(AIM OF THE EXERCISE) Please output only the lines running from the one that contains "Create a warm" through the last line of the data below, exactly as they stand, with no pictures.

(DATA FOR THE TASK)
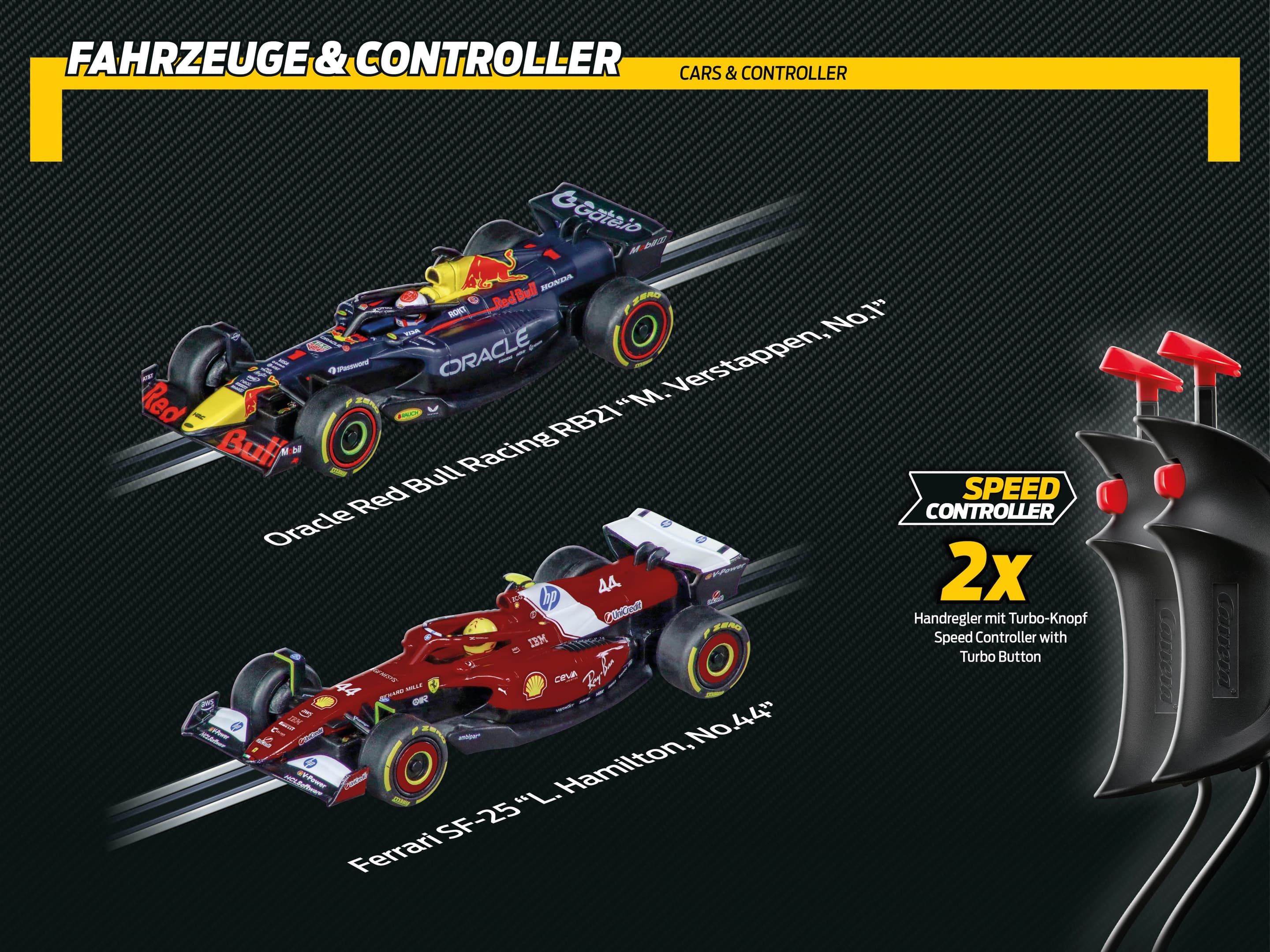 Mit dem Carrera GO!!! Speed Zone Set holst du dir packende Formel-1-Rennaction direkt ins Wohnzimmer! Auf der 6,3 Meter langen Rennstrecke liefern sich zwei Motorsport-Legenden – Max Verstappen im Oracle Red Bull Racing RB21 und Lewis Hamilton im Ferrari SF-25 – ein spannendes Kopf-an-Kopf-Rennen.
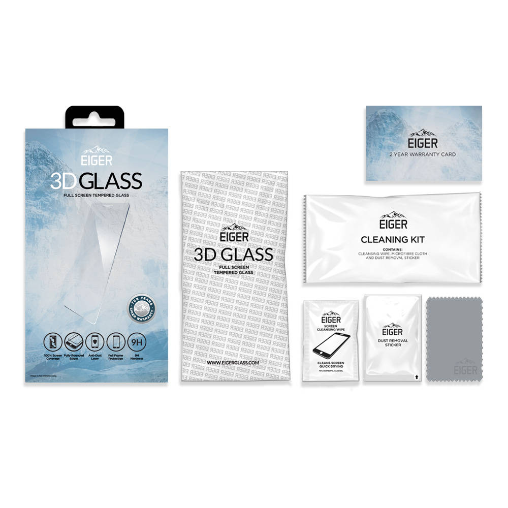 - 1 х Eiger 3D Glass Case Friendly Curved Tempered Glass - 1 x микрофибърна кърпичка - 1 х мокра кърпичка - 1 х антистатична лепенка за премахване на прашинки
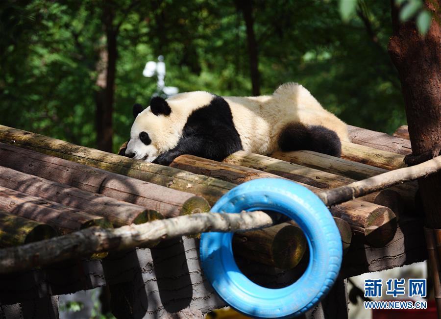 9月23日,大熊猫在秦岭大熊猫研究中心嬉戏。 秋日午后,阳光和煦,在秦岭大熊猫研究中心,萌态可掬的大熊猫们或午睡、或嬉戏、或打闹,尽享惬意时光。 秦岭大熊猫研究中心位于秦岭北麓的陕西省西安市周至县,生态环境优美,承担着秦岭大熊猫野外救助、疾病防控、种群繁育、饲养营养研究等任务,目前共有31只大熊猫在此生活,20多名专职饲养员照顾它们的起居。 新华社记者 刘潇 摄
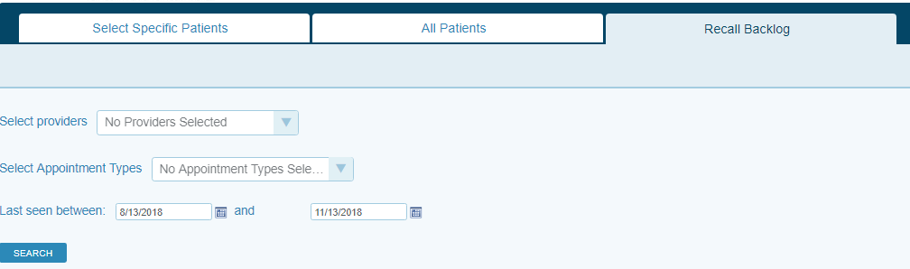 This feature is made available only to those practices who don’t have Recall Wizard available. You will be able to search for patients based on their last visit to your practice for a specific appointment type. To open, click on Communication Center > Recall Backlog.
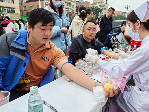 在廣州市白云區(qū)第二人民醫(yī)院無償獻(xiàn)血活動現(xiàn)場,志愿者們在醫(yī)務(wù)人員的指引下有序排隊,填寫登記表、測量血壓、抽血化驗、完成采血等一系列程序,隨著一股股鮮血緩緩流入血袋,志愿者們濃濃的愛心也傳遞了出去。
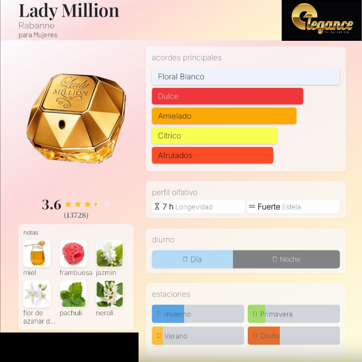 Lady Million de Rabanne es una fragancia de la familia olfativa Floral Frutal para Mujeres. Lady Million se lanzó en 2010. Lady Million fue creada por Anne Flipo, Beatrice Piquet, Dominique Ropion y Bruno Jovanovic. Las Notas de Salida son frambuesa, neroli y limón de Amalfi (lima de Amalfi); las Notas de Corazón son jazmín, flor del naranjo africano y gardenia; las Notas de Fondo son miel blanca, pachulí y ámbar.
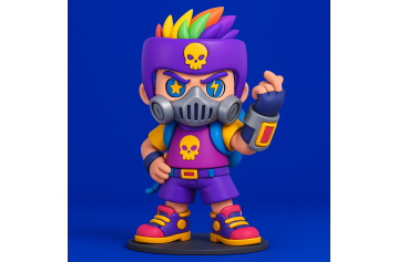 Finish: Metallic Violet Armor + Neon Flame Hair Accents
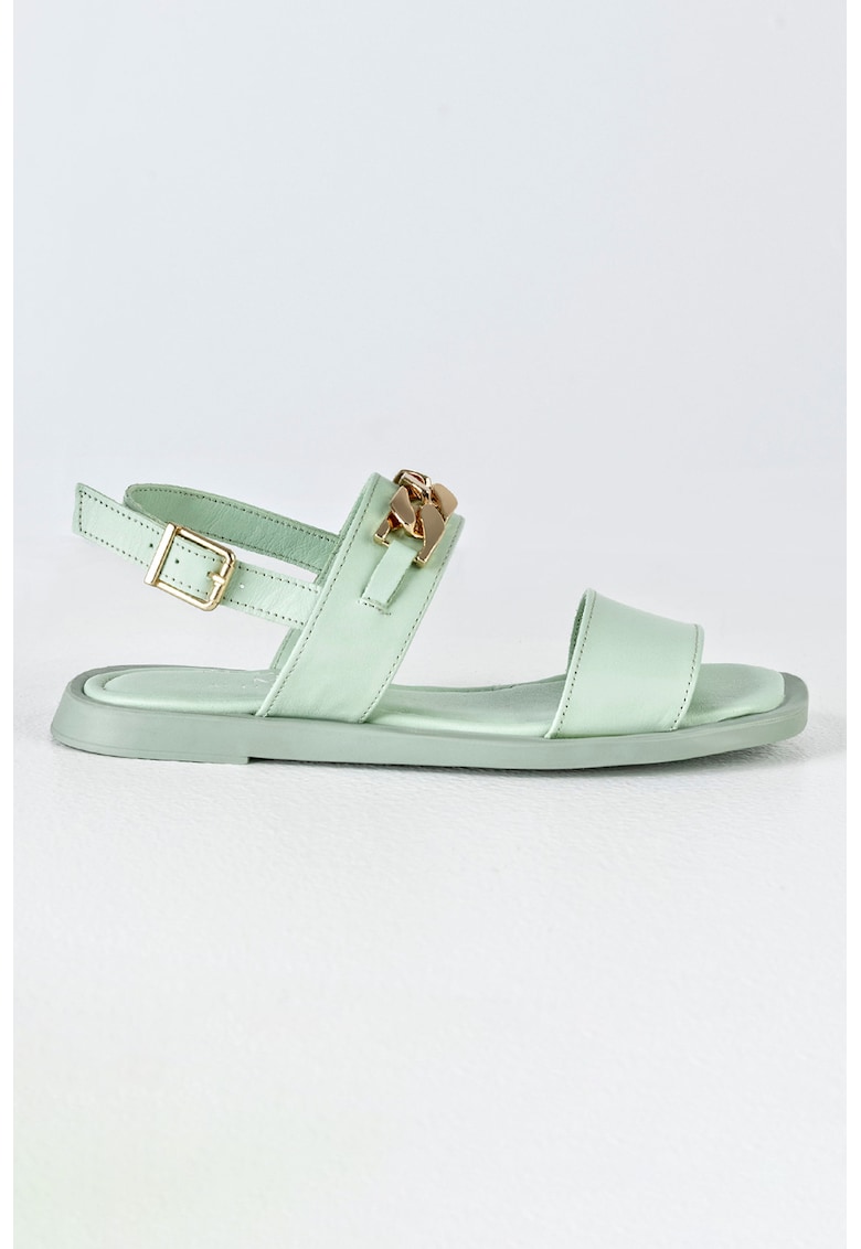 Caracteristici Tip: cu talpa joasa Culoare: verde pal Material: piele naturala Stil: casual Tip talpa: plata Culoare elemente metalice: auriu Detalii: bareta slingback Sistem inchidere: catarama Compozitie Partea superioara: piele Material interior: piele Material talpa: alte materiale
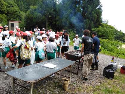 頑張って掴んだ虹鱒はすぐに炭火で焼いてもらいます。
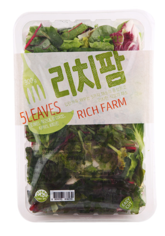 홈플러스에서 판매되는 샐러드 팩 중 가장 좋아하는 리치팜 샐러드 팩이다. 중량은 300g이다. 꽤 많은 양이다. 하나 구매를 하면 3~4번 정도 나눠 먹을 수 있다!! 무엇보다도 채소들 구성이 너~~ 무 좋다.
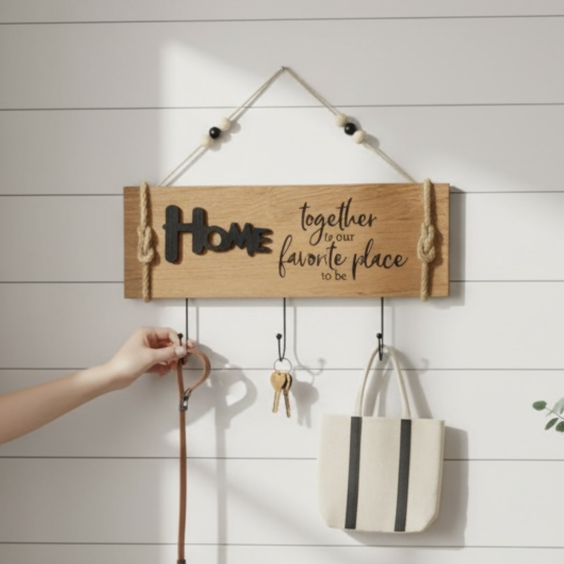 Create a warm and organized entryway with this rustic wooden key holder. Designed with natural wood, decorative rope hanging, and strong black metal hooks, it combines everyday functionality with cozy home décor charm.
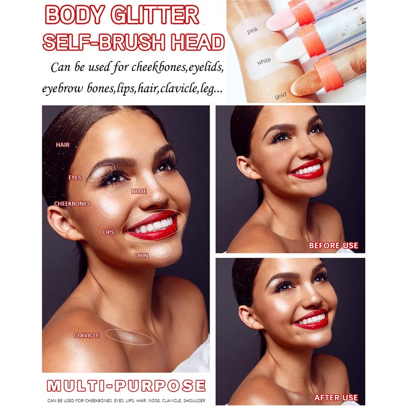 - MULTI-USE GLITTER POWDER- This glitter powder can be used not only on face to protrude your silhouette, but also on the clavicle, shoulder, leg and hair to create flashpoint. Great for brightening cheekbones, eyelids, eyebrow bones, inner corners and lips to brightens and perfect skin, to create a shimmery look and amplify your charm. They suitable for all skin tone
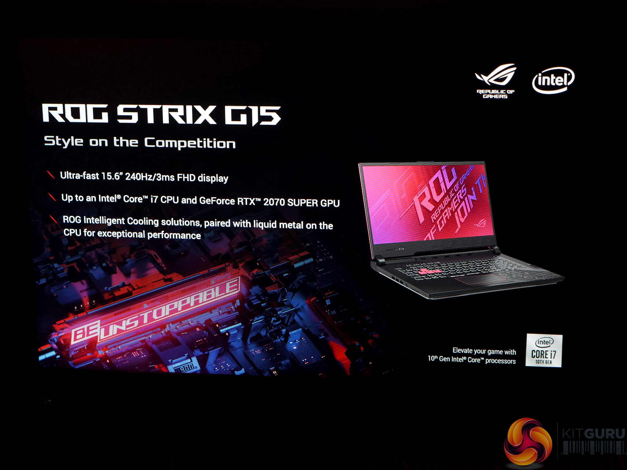 The headline specification of Asus ROG Strix G15 is a 15.6-inch FHD screen with 240Hz refresh, an Intel 10th Gen CPU up to Core i7 with Thermal Grizzly Liquid Metal and RTX 2070 Super graphics. This looks like a significant step up from current models such as Asus ROG Strix G531, in particular with regards to the graphics and faster screen response. We anticipate Asus ROG Strix G15 will be priced around the £2,000 mark (When we receive further details from Asus we will update this page).
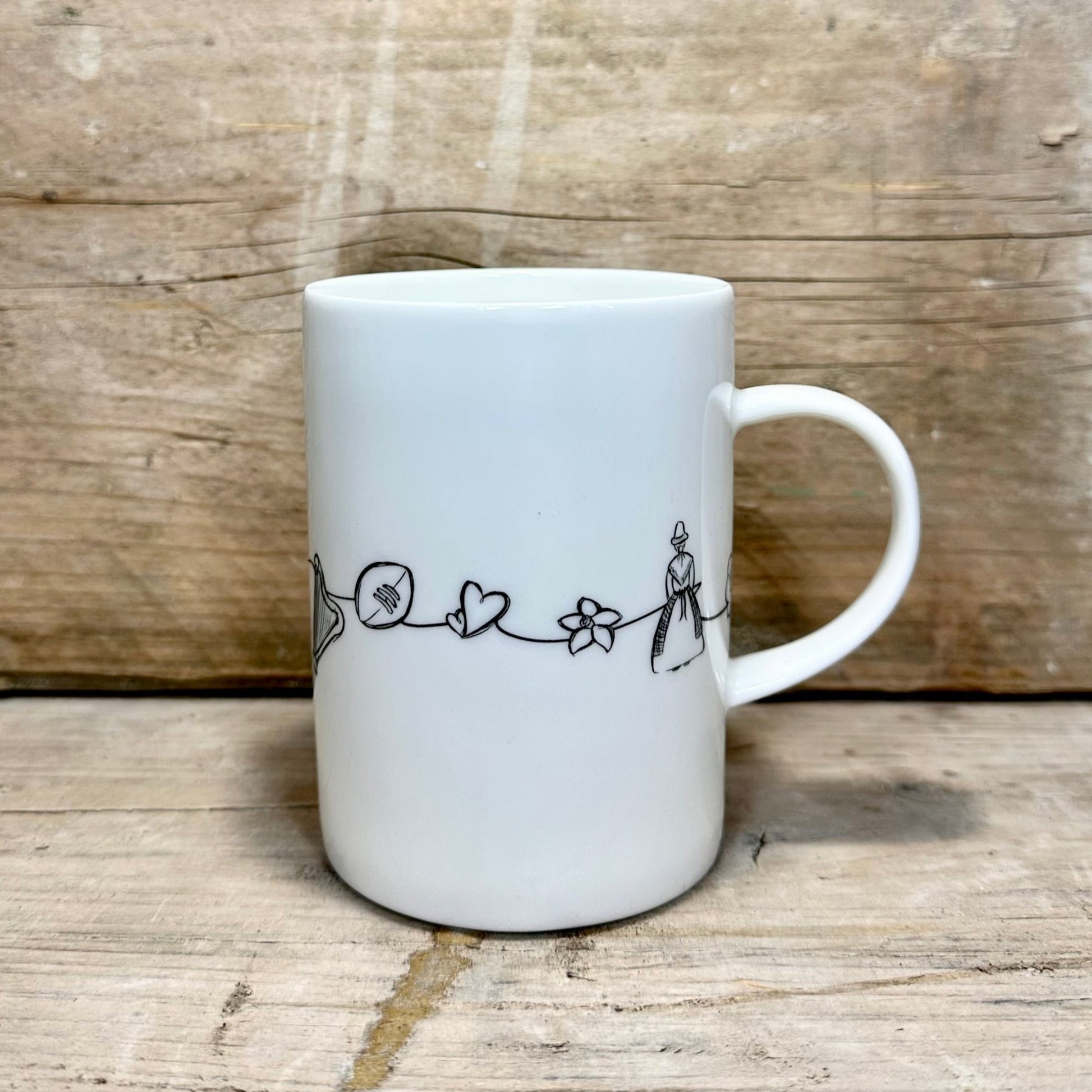 These Welsh Charms mugs come in four sizes: Extra small, small, medium and tall, each featuring intricate Welsh designs. Perfect for any occasion, they add a touch of tradition and style to your tea or coffee break.

(TASK RESPONSE)
 Create a warm and organized entryway with this rustic wooden key holder. Designed with natural wood, decorative rope hanging, and strong black metal hooks, it combines everyday functionality with cozy home décor charm.
 - MULTI-USE GLITTER POWDER- This glitter powder can be used not only on face to protrude your silhouette, but also on the clavicle, shoulder, leg and hair to create flashpoint. Great for brightening cheekbones, eyelids, eyebrow bones, inner corners and lips to brightens and perfect skin, to create a shimmery look and amplify your charm. They suitable for all skin tone
 The headline specification of Asus ROG Strix G15 is a 15.6-inch FHD screen with 240Hz refresh, an Intel 10th Gen CPU up to Core i7 with Thermal Grizzly Liquid Metal and RTX 2070 Super graphics. This looks like a significant step up from current models such as Asus ROG Strix G531, in particular with regards to the graphics and faster screen response. We anticipate Asus ROG Strix G15 will be priced around the £2,000 mark (When we receive further details from Asus we will update this page).
 These Welsh Charms mugs come in four sizes: Extra small, small, medium and tall, each featuring intricate Welsh designs. Perfect for any occasion, they add a touch of tradition and style to your tea or coffee break.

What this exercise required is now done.